VLBI Reconstruction Dataset

http://vlbiimaging.csail.mit.edu/

Welcome to the VLBI Reconstruction Dataset!

The goal of this website is to provide a testbed for developing new VLBI reconstruction algorithms. By supplying a large set of easy to understand training and testing data, we hope to make the problem more accessible to those less familiar with the VLBI field. Specifically, this website contains a:

• Large set of synthetic training data for many different VLBI arrays and targets
• Set of real data measurements provided in the same standard format
• Standardized data set for testing VLBI Image Reconstruction Algorithms
• Online quantitative evaluation of algorithm performance on simulated testing data
• Qualitative comparison of algorithm performance on the reconstruction of real data
• Online form to easily simulate realistic data using your own image and telescope parameters

What is VLBI Imaging?

Imaging distant celestial sources with high resolving power requires telescopes with prohibitively large diameters due to the inverse relationship between angular resolution and telescope diameter. However, by simultaneously collecting data from an array of telescopes located around the Earth, it is possible to emulate samples from a single telescope with a diameter equal to the maximum distance between telescopes in the array. Using multiple telescopes in this manner is referred to as very long baseline interferometry (VLBI).
Reconstructing an image using VLBI measurements is an ill-posed problem, and as such each there are an infinite number of possible images that explain the data. The challenge is to find an explanation that respects these prior assumptions while still satisfying the observed data. The goal of this website to aid in the process of developing these algorithms as well as evaluate their performance.

The ongoing international effort to create an Event Horizon Telescope capable of imaging the enviroment around a black hole’s event horizon calls for the use of VLBI reconstruction algorithms.
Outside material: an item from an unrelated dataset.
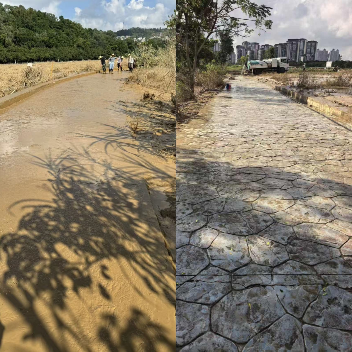 上午8點(diǎn),志愿者們攜帶鐵鏟、刮泥板、掃帚、垃圾袋等工具,準(zhǔn)時(shí)在指定區(qū)域集合?,F(xiàn)場(chǎng)的淤泥最深處達(dá)10余厘米,腳一踩便陷進(jìn)去難以拔出,鏟子剛插進(jìn)泥里就被牢牢黏住?!按蠹曳止じ?,先刮表層泥,再清垃圾!” 隨著一聲號(hào)召,志愿者們迅速分組行動(dòng):有的彎腰緊握刮泥板,順著步道紋理反復(fù)刮除黏連的淤泥;有的扛著水管,利用高壓水槍沖刷地面;有的拎著垃圾袋,蹲下身細(xì)致?lián)焓安卦诓菘p里的垃圾;有的則推著清運(yùn)車(chē),來(lái)回穿梭將裝滿淤泥和垃圾的袋子及時(shí)運(yùn)離現(xiàn)場(chǎng)…… 各個(gè)環(huán)節(jié)銜接緊密、井然有序。盡管天氣炎熱,汗水順著臉頰滑落、浸透衣衫,志愿者們的熱情與干勁絲毫未減,充分展現(xiàn)了國(guó)企的責(zé)任與擔(dān)當(dāng)。

The angular resolution necessary for these measurements requires overcoming many challenges, all of which make image reconstruction more difficult. For instance, at the mm/sub-mm wavelengths being observed, rapidly varying inhomogeneities in the atmosphere introduce additional measurement errors. Robust algorithms that are able to reconstruct images in this fine angular resolution regime are essential for scientific progress.